Modulation of lipid nanoparticle-formulated plasmid DNA drives innate immune activation promoting adaptive immunity

Nicholas J Tursi  1 Sachchidanand Tiwari  2 Nicole Bedanova  3 Toshitha Kannan  3 Elizabeth Parzych  3 Nisreen Okba  4 Kevin Liaw  3 András Sárközy  2 Cory Livingston  3 Maria Ibanez Trullen  4 Ebony N Gary  3 Máté Vadovics  2 Niklas Laenger  5 Jennifer Londregan  6 Mohammad Suhail Khan  3 Serena Omo-Lamai  7 Hiromi Muramatsu  2 Kerry Blatney  3 Casey Hojecki  3 Viviane Machado  8 Igor Maricic  8 Trevor R F Smith  8 Laurent M Humeau  8 Ami Patel  3 Andrew Kossenkov  3 Jacob S Brenner  7 David Allman  6 Florian Krammer  9 Norbert Pardi  10 David B Weiner  11
Affiliations

Modulation of lipid nanoparticle-formulated plasmid DNA drives innate immune activation promoting adaptive immunity

Nicholas J Tursi et al.
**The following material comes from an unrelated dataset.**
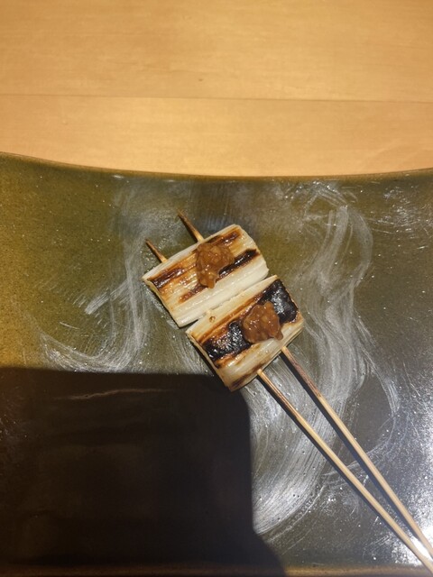 さらに印象深かったのは、間に挟まれる一品料理たち。蓮根の揚げ物はサクッと軽いのに旨味が濃く、食感が楽しい。にらやねぎなどの野菜串は、焼くことで甘味と香りがぐっと引き出され、鶏の旨味との心地よいリズムを作ってくれる。コースの流れが非常に美しく、まるでフレンチのような構成力を焼き鳥というジャンルの中で実現している。

Cell Rep Med. .

Abstract

Nucleic acid vaccines have grown in importance over the past several years, with the development of new approaches remaining a focus. We describe a lipid nanoparticle-formulated DNA (DNA-LNP) formulation which induces robust innate and adaptive immunity with similar serological potency to mRNA-LNPs and adjuvanted protein. Using an influenza hemagglutinin (HA)-encoding construct, we show that priming with our HA DNA-LNP demonstrated stimulator of interferon genes (STING)-dependent upregulation and activation of migratory dendritic cell (DC) subpopulations. HA DNA-LNP induced superior antigen-specific CD8+ T cell responses relative to mRNA-LNPs or adjuvanted protein, with memory responses persisting beyond one year. In rabbits immunized with HA DNA-LNP, we observed immune responses comparable or superior to mRNA-LNPs at the same dose. In an additional model, a SARS-CoV-2 spike-encoding DNA-LNP elicited protective efficacy comparable to spike mRNA-LNPs. Our study identifies a platform-specific priming mechanism for DNA-LNPs divergent from mRNA-LNPs or adjuvanted protein, suggesting avenues for this approach in prophylactic and therapeutic vaccine development.

Keywords: DNA-LNP; T cell; adjuvanted protein; antibody; lipid nanoparticle; mRNA; plasmid DNA; vaccine.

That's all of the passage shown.